I will focus on the details of the Confederate evacuation of Charleston in a separate post (when my hurried schedule allows!).  But I will point out the Confederates practiced some good and bad operations security.  While intercepted messages and other indicators pointed to a withdrawal, the Confederates maintained the lines up to the end.  The rear guard departed Charleston during the night of February 17.

At daybreak on February 18, there was no Confederate flag flying from the staff over Fort Sumter.  The monitor USS Canonicus fired two rounds at Fort Sumter to ensure this was not a trick.  Those were the last shots fired at Fort Sumter, of so many fired during the war.

Federals on Morris Island immediately took note.  Several officers prepared boats to investigate the situation.  Lieutenant-Colonel Augustus G. Bennett, 21st USCT and commanding forces on the north end of Morris Island, directed Captain Samuel Cuskaden, one of Bennett’s staff, to secure a US flag and proceed to Fort Sumter.  At the same time Major John A. Hennessy, 52nd Pennsylvania, lead a boat out to the fort.  Captain R. M. Bannatyne, of the 52nd, later recalled the event:

The 52d Pa. at this time was doing duty as boat infantry, and had 41 or 42 boats of all kinds and descriptions, and the camp was on the west or harbor side of the island. There were no boats on our side of the island except our own.
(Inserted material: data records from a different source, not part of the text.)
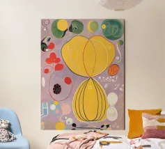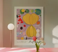 Tauchen Sie ein in Hilma af Klints vielschichtigen "Baum der Erkenntnis Nr. 5". Dieses fesselnde abstrakte Werk, eine meisterhafte Mischung aus Aquarell und Graphit, stellt spirituelle und evolutionäre Konzepte durch ineinander verwobene organische und geometrische Formen dar. Klints Vorreiterrolle in der abstrakten Kunst zeigt sich in der durchdachten Komposition, die Zusammenhänge und verborgene Wahrheiten hervorhebt. Unser hochwertiges Digitalposter mit einer Auflösung von 7000x5000 Pixeln und 300 dpi gibt die subtilen Texturen und tiefgründigen Details dieses einflussreichen Meisterwerks makellos wieder und macht es zu einer einzigartigen Ergänzung für jede Kunstsammlung.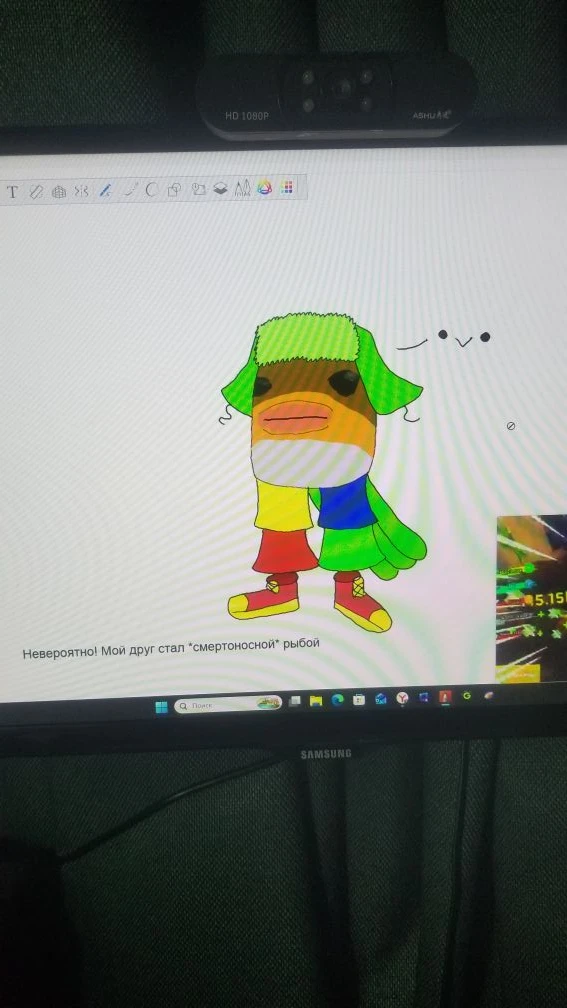 Буквально минут, может 10 назад смотрела ролик Владуса про игру, с угарной рыбой :_). Нарисовала Стёпку (кто не знает, стёпа - один из персонажей канала Владуса. Если коротко, то это зелёная сова)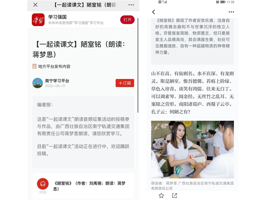 軌道地產(chǎn)商業(yè)公司黨支部蔣夢思同志參加了此次活動,她朗讀的作品《陋室銘》經(jīng)南寧軌道交通集團推選,榮登“學(xué)習(xí)強國”平臺,在“一起讀課文”欄目展播。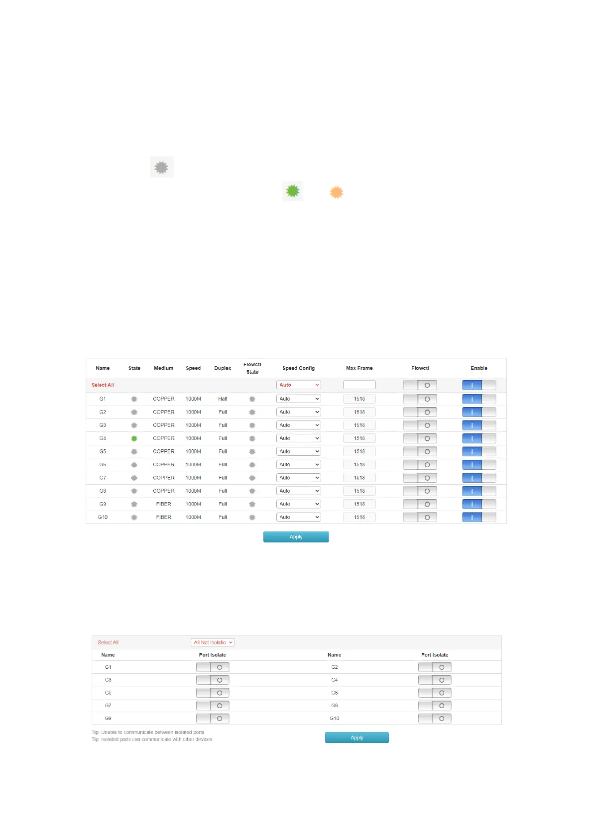 This page is used to configure the port isolated. The isolated ports cannot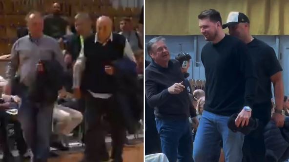 Superstar Los Anđeles Lejkersa je nedavno otkrio da će sigurno igrati za Sloveniju na Evropskom prvenstvu na leto, a pošto je ispao iz plejofa NBA lige vratio se u domovinu. On je meč završio pored terena, nije isteran, a publika je sa oduševljenjem prihvatila njegov dolazak na meč.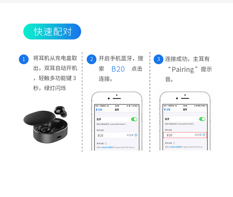 - B20-TWS真無線耳機(jī)5.0 無線雙耳降噪運(yùn)動對耳耳機(jī)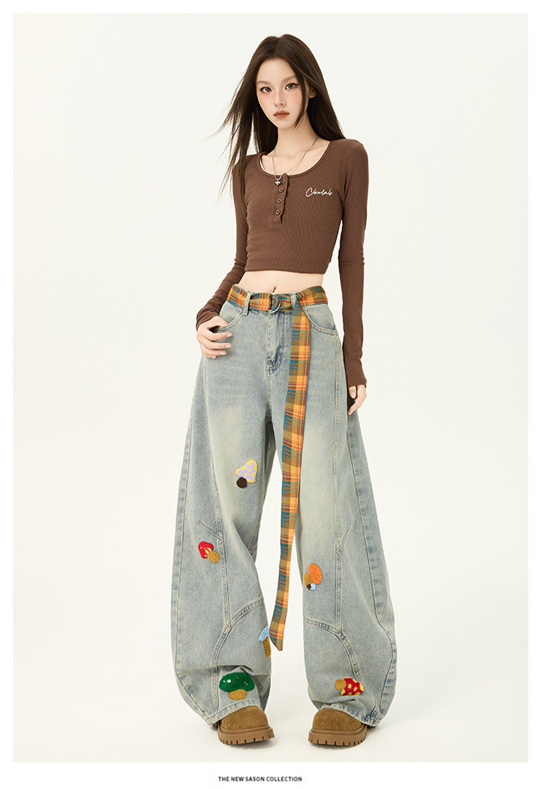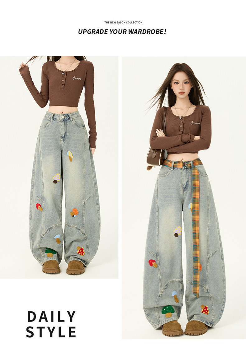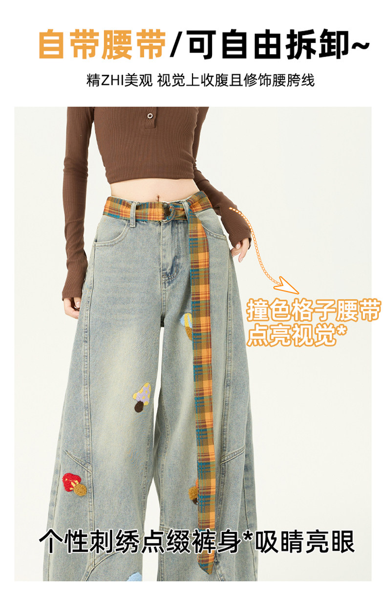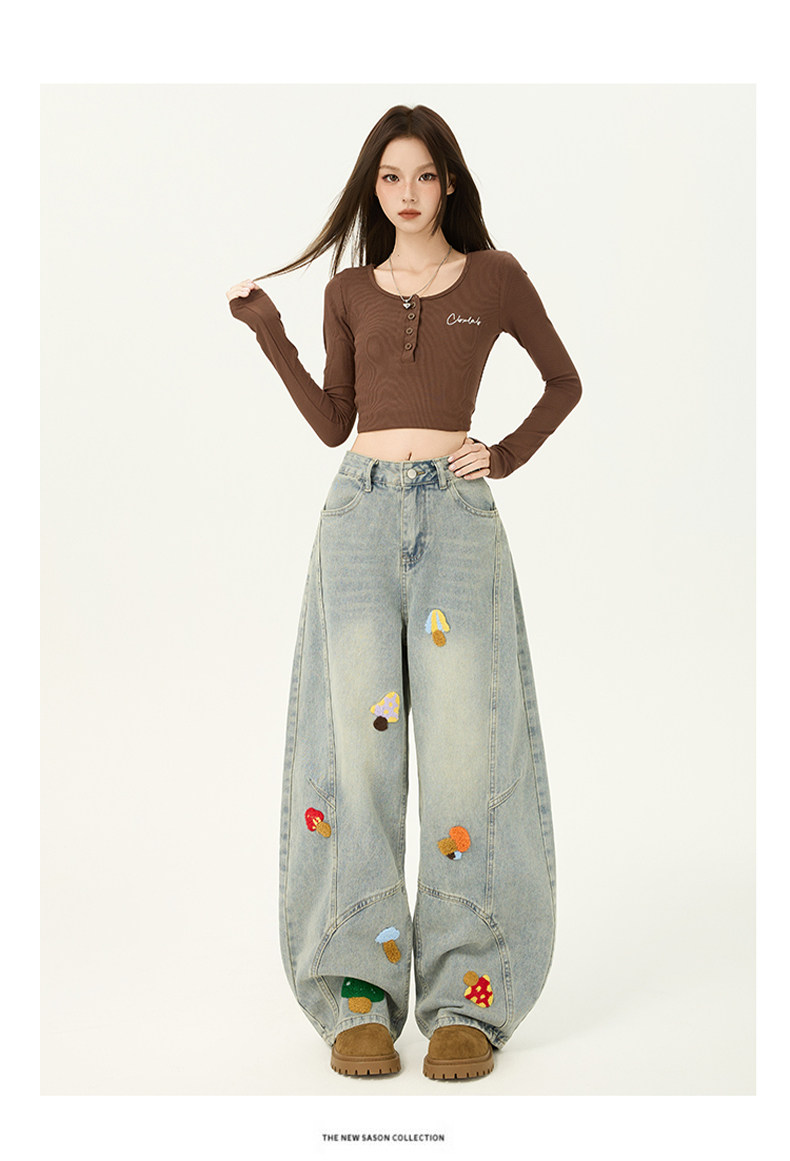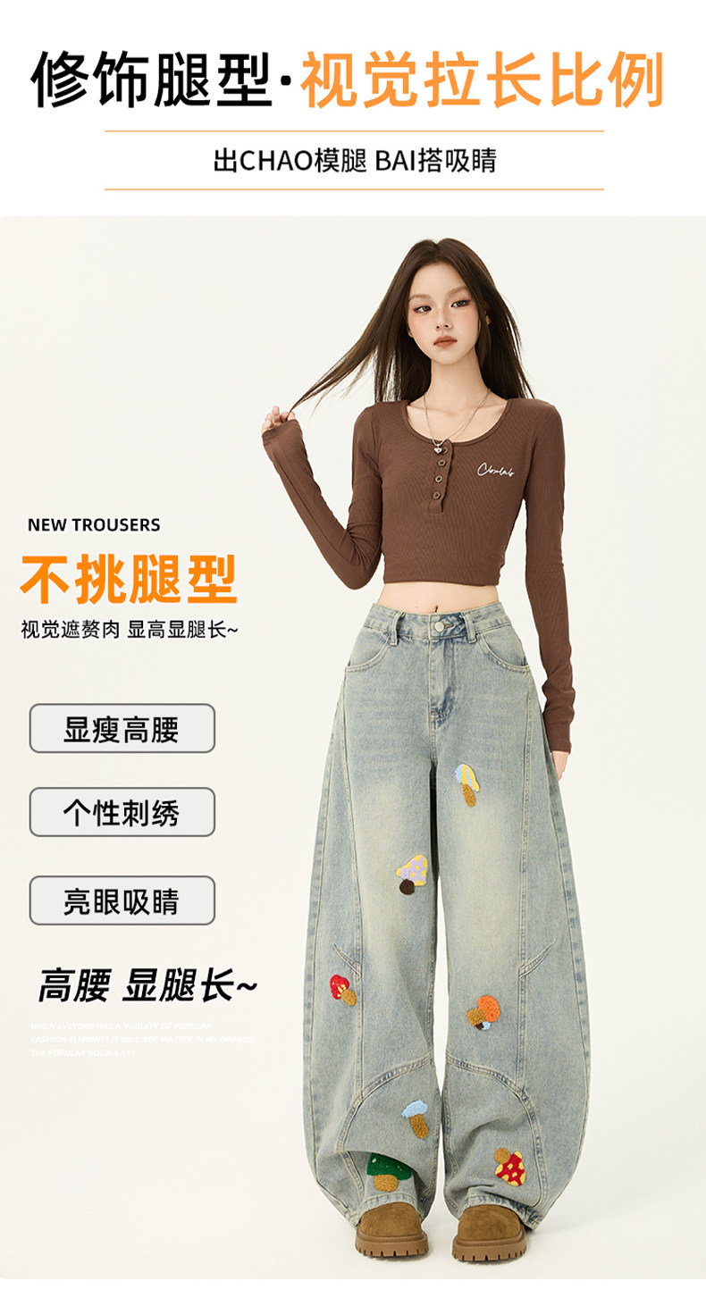 American Retro Embroidered Jeans for Women, Loose Wide-Leg Scimitar Pants with a Sense of Design

Col. Bennett says that the regiments were under orders to be ready, but the first order we received was after we were marching to the boats.  When the men took their places we were soon going toward the harbor, with Major Hennessy ahead.  Coming out of the narrow channel into the harbor at what was then known as Paine’s dock, our course would bring us to the north point of the island, at Fort Gregg, where we were ordered to report; but part of the boats did not report there.

The last of the regiment was passing Paine’s dock not later than 9:50 a.m., and Major Hennessy was then going directly past Fort Gregg to Fort Sumter, 1440 yards distant, and his was the first boat to reach that fort and display the flag of the regiment on its parapet.

Corporal Johnson, Co. G, was the first man to land, followed by Major Hennessy and Lieut. Burr….

Thus, the 52nd Pennsylvania, veterans of the long campaign on Morris Island, were the first into Fort Sumter.

JohnAHennessy

While Hennessy took possession of Fort Sumter, other boats moved toward Sullivan’s Island and other points.  While passing Fort Sumter, Bennett encountered a boat full of Confederate musicians, who’d been left behind as their armies abandoned the city.  Hennessy, who’d returned to his boat, and others joined Bennett moving into the harbor.   One by one, small detachments took control of batteries and forts.  Bennett and Hennessy proceeded to downtown Charleston, with Bannatyne indicating the latter was again the first ashore.

But not all the Confederate forces had left Charleston, as Bannatyne noted:

Just as we landed several of the Confederate ironclads in the harbor were blown up, with loud reports.  The streets were crowded with contrabands anxious to see the army.  We stayed at the citadel but a short time, and were ordered to the armory, which was reported on fire, but this proved to be a false alarm.  We saw no men in the city except Col. Bennett and staff and Major Hennessy… and detachments of the 3d R.I.

Flags went up all around Charleston.  Bennett was most concerned about security of the city and reports of Confederate rear guards:

I landed at Mills’ Wharf, Charleston, at 10 a.m., where I learned that a part of the enemy’s troops yet remained in the city, while mounted patrols were out in every direction applying the torch and driving the inhabitants before them.  I at once addressed the mayor of the city….

Bennett’s message to Mayor Charles Macbeth was to the point:

In the name of the United States Government I demand a surrender of the city of which you are the executive officer.  Until further orders all citizens will remain within their houses.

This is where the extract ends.